Readers are cautioned not to place undue reliance on these forward-looking statements, which speak only as of the date of this news release or as of the date otherwise specifically indicated herein. Due to risks and uncertainties, including the risks and uncertainties identified in this news release, and other risk factors and forward-looking statements listed in the Company’s MD&A for the nine-month period ended September 30, 2012 (the “MD&A”) and most recently filed Annual Information Form for the nine-month period ended December 31, 2011 (the “AIF”), actual events may differ materially from current expectations. More information about the Company, including the MD&A, the AIF and financial statements of the Company, is available on SEDAR at www.sedar.com and on the SEC’s EDGAR website at www.sec.gov.

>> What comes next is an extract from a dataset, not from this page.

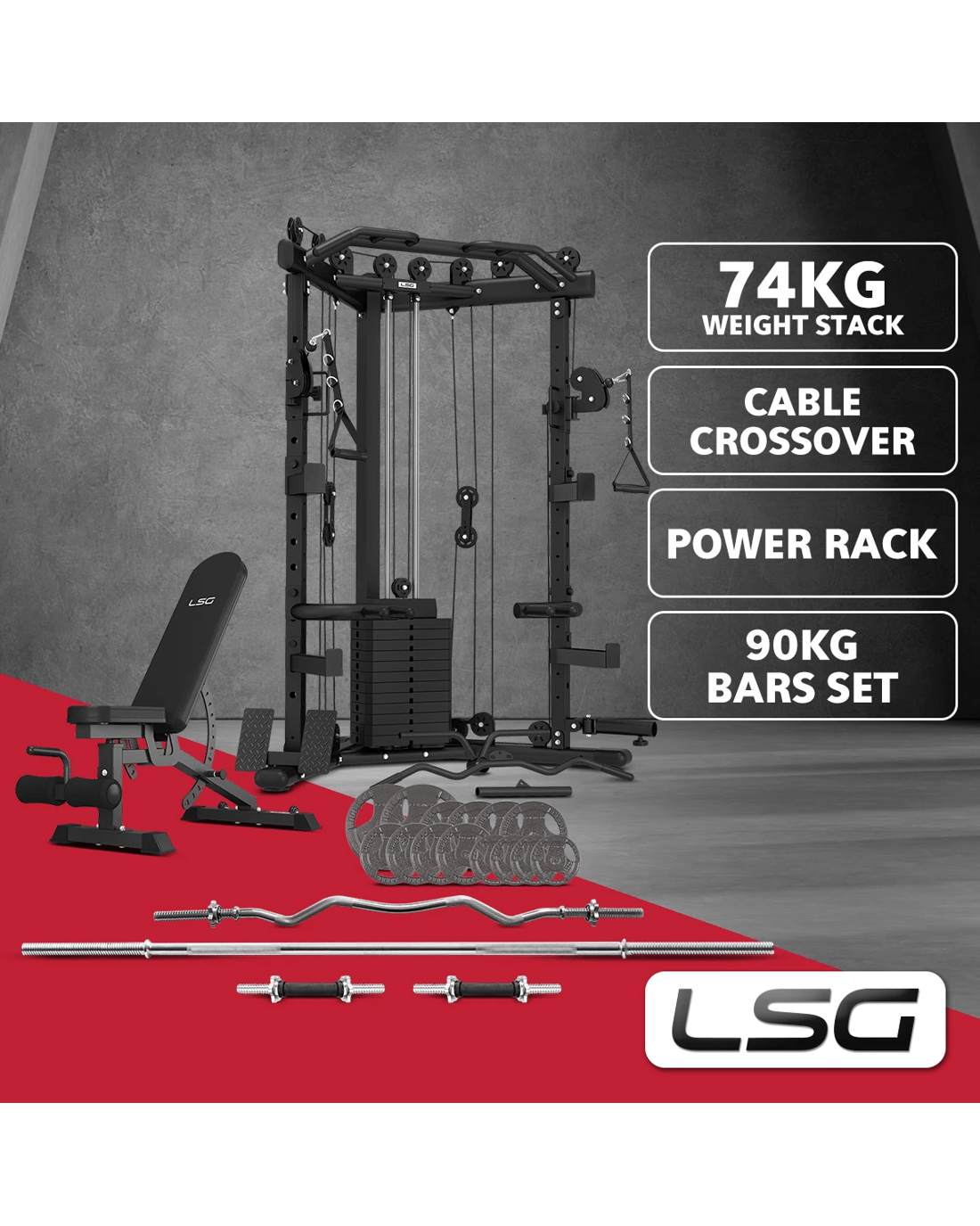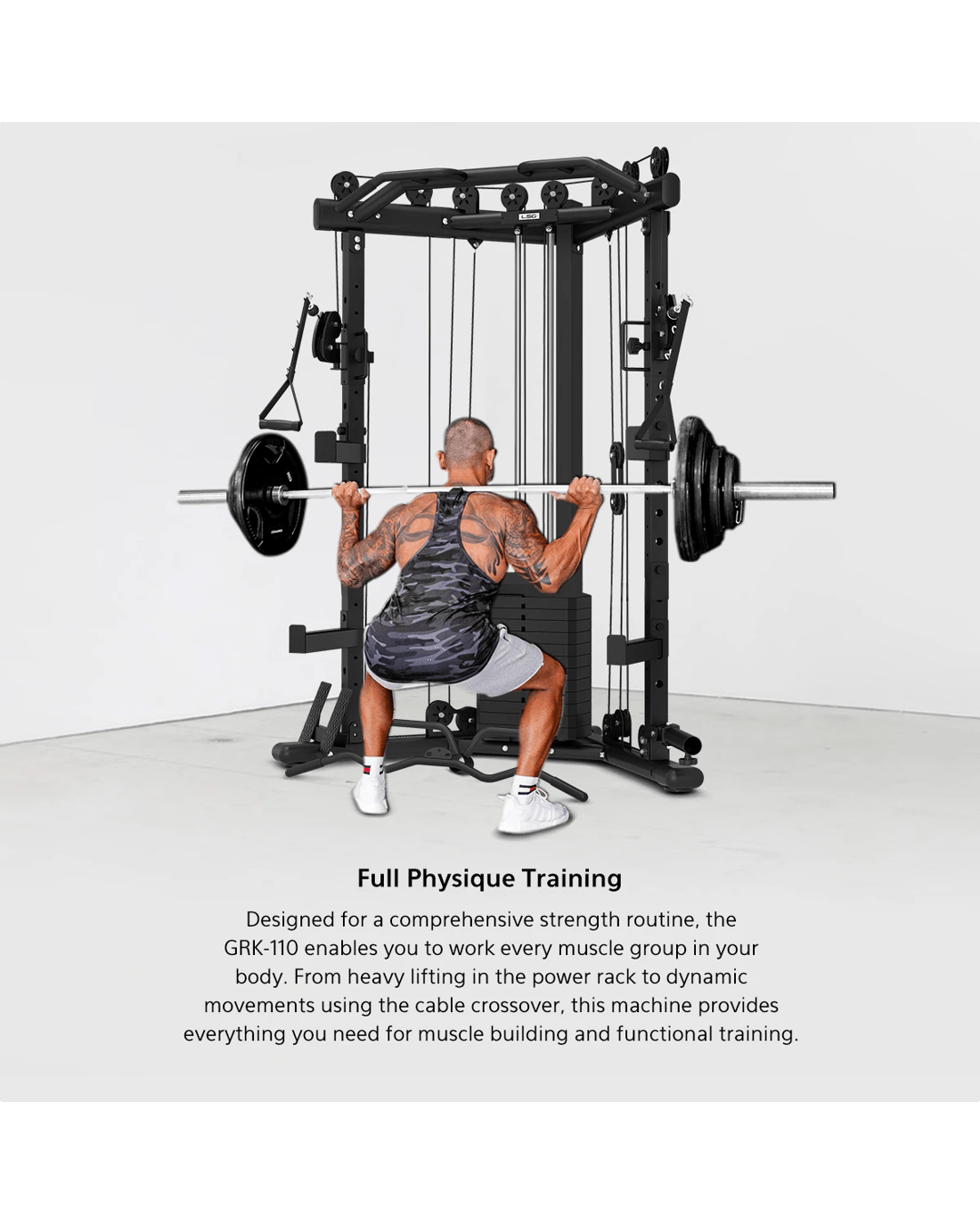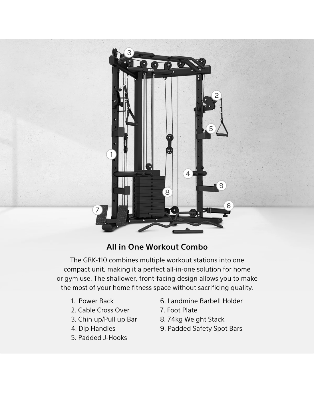 Sold by ActiveGoLSG GRK-110 Space Saving Multi-Function Rack with 74kg Cable Crossover, FID Bench, 90kg Standard Weight Package - Black

Cautionary Note to Investors Concerning Estimates of Indicated and Inferred Resources
This news release may use the terms “inferred” and “indicated” resources. Certain mineral resource numbers contained in this news release have been prepared in accordance with the JORC Code. While the terms “indicated mineral resource” and “inferred mineral resource” are required pursuant to the JORC Code, the SEC does not recognize such terms. JORC standards differ significantly from the requirements of the SEC, and mineral resource information prepared in accordance with the JORC Code is not comparable to similar information regarding mineral reserves disclosed in accordance with the requirements of the SEC. Investors are cautioned that “inferred resources” have a great amount of uncertainty as to their existence, and great uncertainty as to their economic and legal feasibility. It cannot be assumed that all or any part of an inferred mineral resource will ever be upgraded to a higher category. Under Canadian rules, estimates of inferred mineral resources may not form the basis of feasibility or prefeasibility studies. Investors are cautioned not to assume that part or all of an inferred resource exists, or is economically or legally mineable. Investors are further cautioned not to assume that any part or all of an indicated mineral resource will be converted into reserves.